There are many things to consider:

1) Safety: When preparing heavy atom derivatives, special care must be taken to prevent poisoning/irradiating yourself or others. 
2) Selection: What heavy atoms are most likely to give you a useful derivative? Consider what side chains are available to ligate the heavy atoms. Also, consider a list of the most successfully used heavy atom reagents. 
3) Screening: Use the native gel test. A band shift is indicative of a coordination of a heavy atom by your protein. 

Requirements: Caution when handling heavy atoms, a native gel (Phast system OK), a few microliters of concentrated protein, and various heavy atom solutions, crystals not necessary at this point. (hurray!)

References:T. J. Boggon and L. Shapiro Structure 8, R143-R149, 2000.

Evaluating Derivative Quality
Isomorphous OR Anomalous
The quality of a heavy atom derivative can be first evaluated by the chi squared test performed on either isomorphous differences or anomalous differences. The chi squared test measures the significance of the signal originating from the heavy atom. If the chi squared statistics suggest that the differences are small, then the putative derivative data is not useful for phasing. If the chi squared statistics are large, then there is hope. 

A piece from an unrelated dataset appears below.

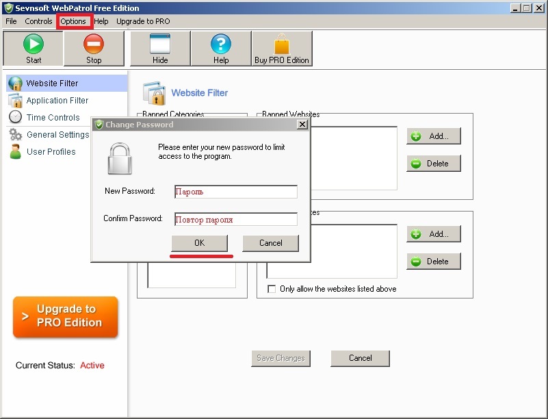 _В появившемся окне ищем вкладку Options > Set Password > Вводим придуманный пароль в верхнюю и нижнюю строчку одинаковый, жмем ОК. Только не забудьте его =)
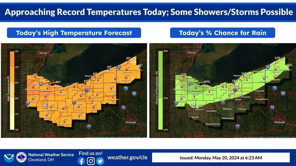 ومن المتوقع أن تصل درجة الحرارة المرتفعة اليوم إلى ما يقرب من 88 درجة في منطقة أكرون-كانتون، وفقًا لهيئة الأرصاد الجوية الوطنية.

A positive chi squared test based on isomorphous differences is less reliable than a positive test based on anomalous differences. The poorer reliability of the isomorphous chi squared test is due to non specific heavy atom binding which often causes non-isomorphism between native and derivative crystals ...which in turn causes large chi squared values. Anomalous differences are measured from a single crystal (i.e. perfect isomorphism) so a positive chi squared test is more indicative of a true anomalous signal. Note that the anomalous signal is enhanced by chosing the peak wavelength. To find this wavelength, see the Anomalous Scattering Web Site

Requirements: For isomorphous differences - a complete native data set in scalepack format (.sca file) and 5 degrees of integrated data (.x files) from a derivative data set.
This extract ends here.